Department of Epidemiology and Biostatistics, Arnold School of Public Health, University of South Carolina, 915 Greene Street, Columbia, SC, 29208, USA.
Psychometrika. 2018 Dec;83(4):919-940. doi: 10.1007/s11336-018-9616-y. Epub 2018 Apr 26.
Missing data are a common issue in statistical analyses. Multiple imputation is a technique that has been applied in countless research studies and has a strong theoretical basis. Most of the statistical literature on multiple imputation has focused on unbounded continuous variables, with mostly ad hoc remedies for variables with bounded support. These approaches can be unsatisfactory when applied to bounded variables as they can produce misleading inferences.

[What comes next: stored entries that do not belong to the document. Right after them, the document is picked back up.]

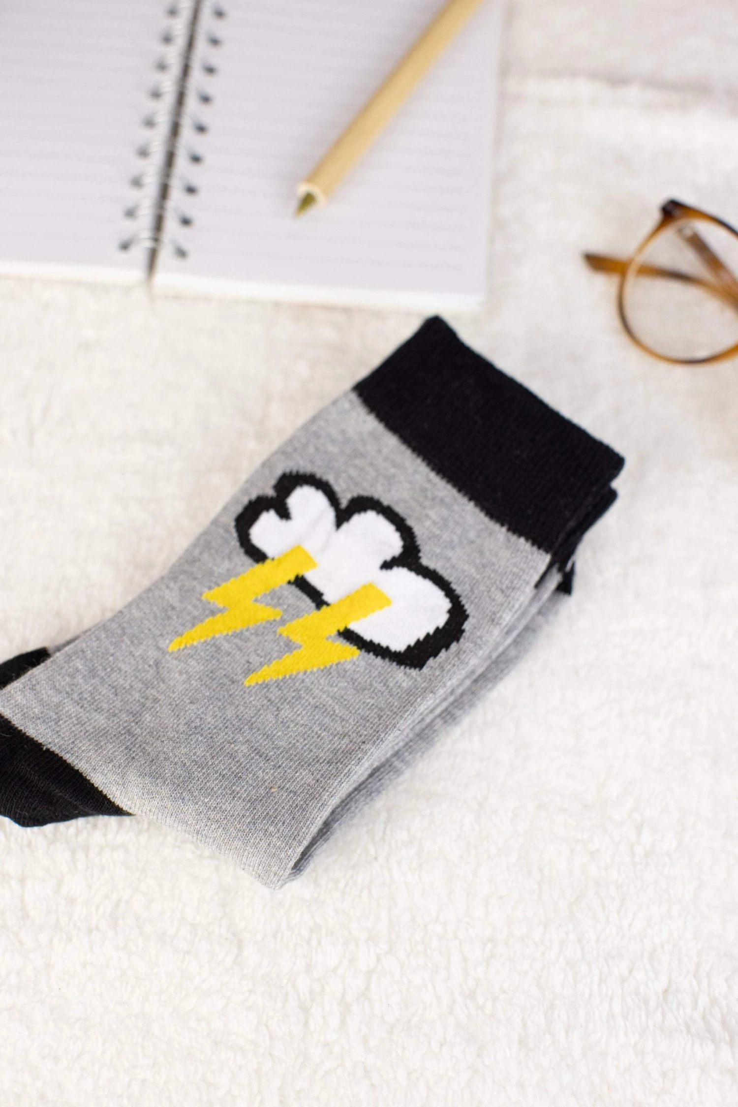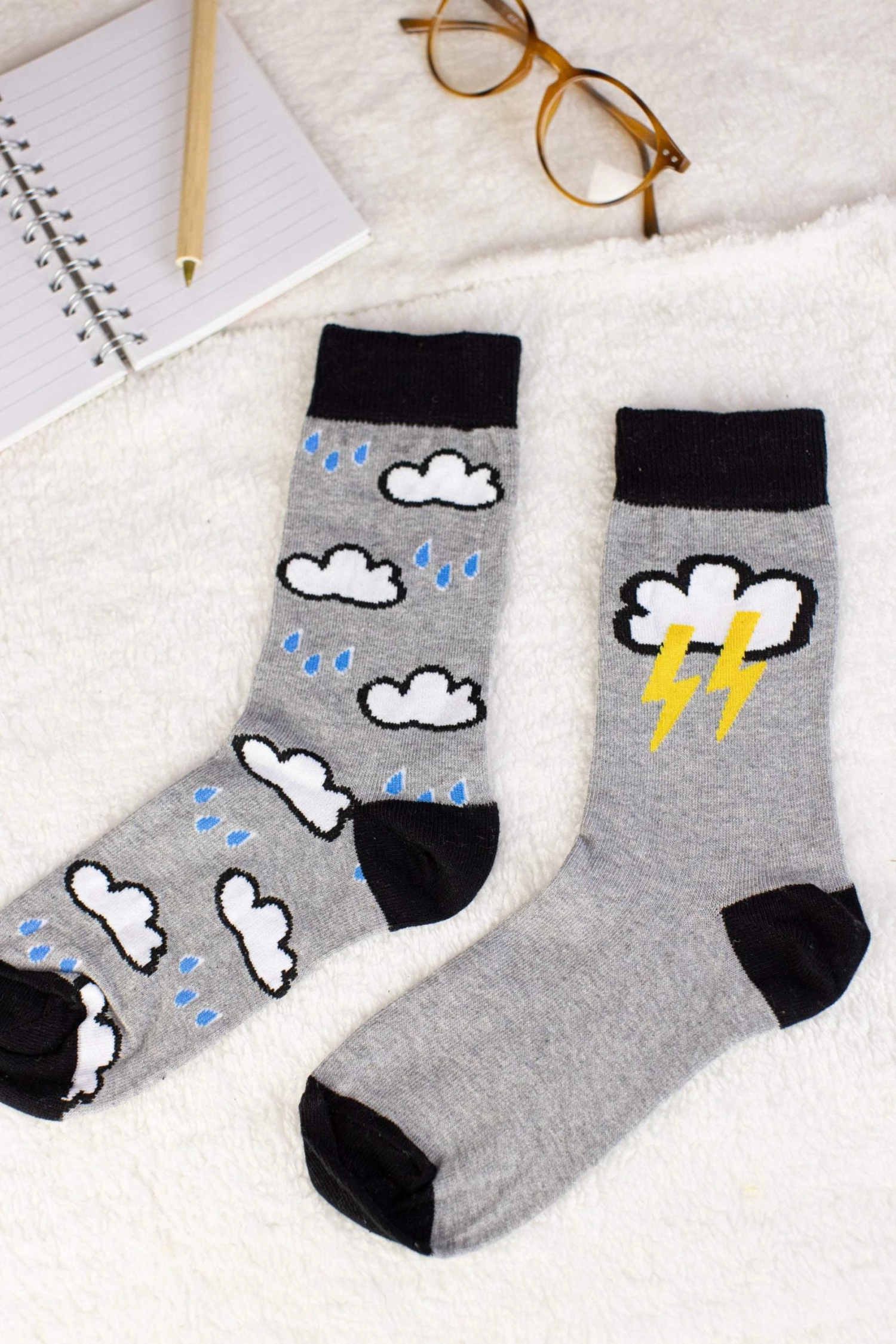 Socks “Thunderstorm” in grey color! A unique pair of socks because each sock has its own design! They’ll keep you warm yet stylish! Extra fun and cute, you can wear them with high waisted mom jeans and rolled up hems!Â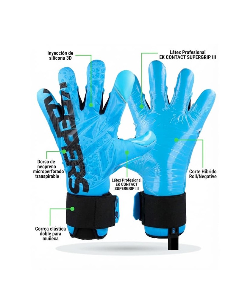 La palma monta nuestro EK CONTACT SUPERGRIP III de 4 mm, un látex de nivel profesional diseñado para ofrecer confianza en blocajes, desvíos y acciones de reacción.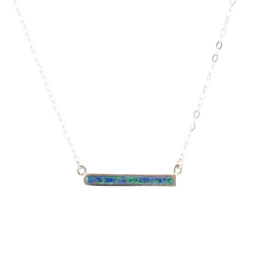 View full detailsThis dainty Azurite bar necklace is the perfect accessory for making a subtle statement. Crafted with sterling silver and featuring a genuine Azuri...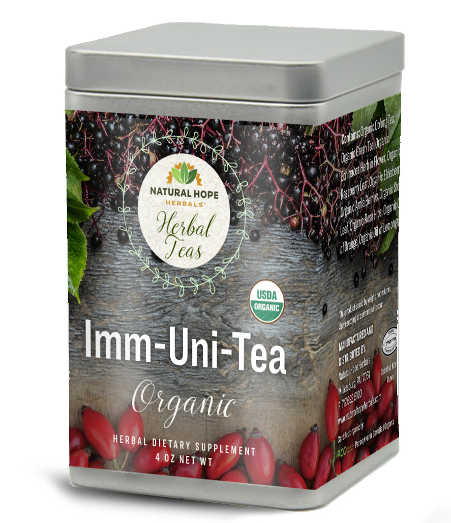 Imm-Uni-Tea brings you a refreshing citrus tea flavor with the immune boosting power of Amla Berry, Echinacea, Raspberry Leaf, Elderberry, and Rose Hips.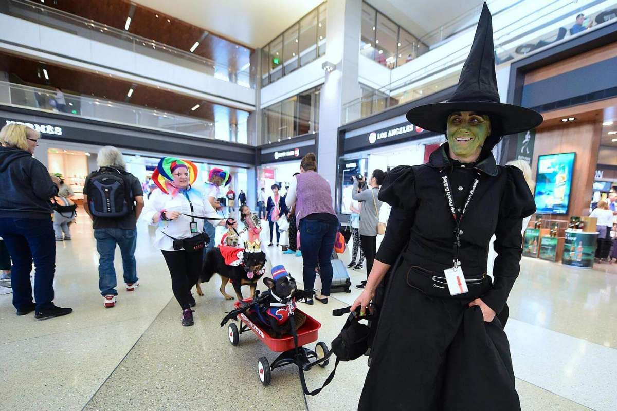 Hóa trang thành "bà phù thủy xấu xa" của phương Tây tại sân bay quốc tế Los Angeles, thành phố Los Angeles, bang California, Mỹ. Ảnh: AFP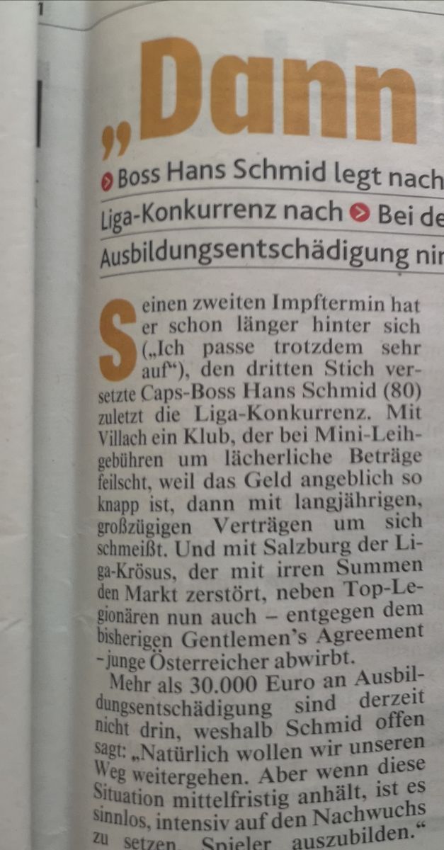 Einen Richter sollte man jedenfalls halten können, da geht es schon auch ein wenig um (finanzielle) Wertschätzung von Österreichern. Schließlich reden wir hier von den Caps und nicht Innsbruck oder Dornbirn, und die Caps müssen wirklich nicht so tun, als wären sie allen Abwerbeversuchen der Konkurrenz völlig wehrlos ausgeliefert.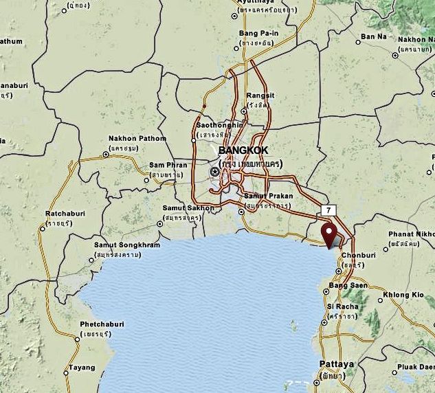 Abb.: Lage der Mündung des Bang-Pakong-Flusses (แม่น้ำบางปะกง)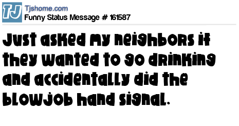 X says Just asked my neighbors if they wanted to go drinking and accidentally did the blowjob hand signal.

In this paper, we propose a flexible quantile-based imputation model suitable for distributions defined over singly or doubly bounded intervals. Proper support of the imputed values is ensured by applying a family of transformations with singly or doubly bounded range. Simulation studies demonstrate that our method is able to deal with skewness, bimodality, and heteroscedasticity and has superior properties as compared to competing approaches, such as log-normal imputation and predictive mean matching. We demonstrate the application of the proposed imputation procedure by analysing data on mathematical development scores in children from the Millennium Cohort Study, UK. We also show a specific advantage of our methods using a small psychiatric dataset. Our methods are relevant in a number of fields, including education and psychology.
数据缺失是统计分析中常见的问题。多重插补是一种已应用于无数研究的技术,具有坚实的理论基础。关于多重插补的大多数统计文献都集中在无界连续变量上,对于有界支持的变量则大多采用特定的补救方法。当应用于有界变量时,这些方法可能不太令人满意,因为它们可能会产生误导性的推断。在本文中,我们提出了一种适用于定义在单边界或双边界区间上的分布的灵活分位数插补模型。通过应用具有单边界或双边界范围的变换族来确保插补值的适当支持。模拟研究表明,与竞争方法(如对数正态插补和预测均值匹配)相比,我们的方法能够处理偏度、双峰和异方差,并且具有更好的性能。我们通过分析来自英国千年队列研究的儿童数学发展得分数据来展示所提出的插补程序的应用。我们还展示了我们的方法在一个小型精神科数据集上的特定优势。我们的方法在教育和心理学等多个领域都具有相关性。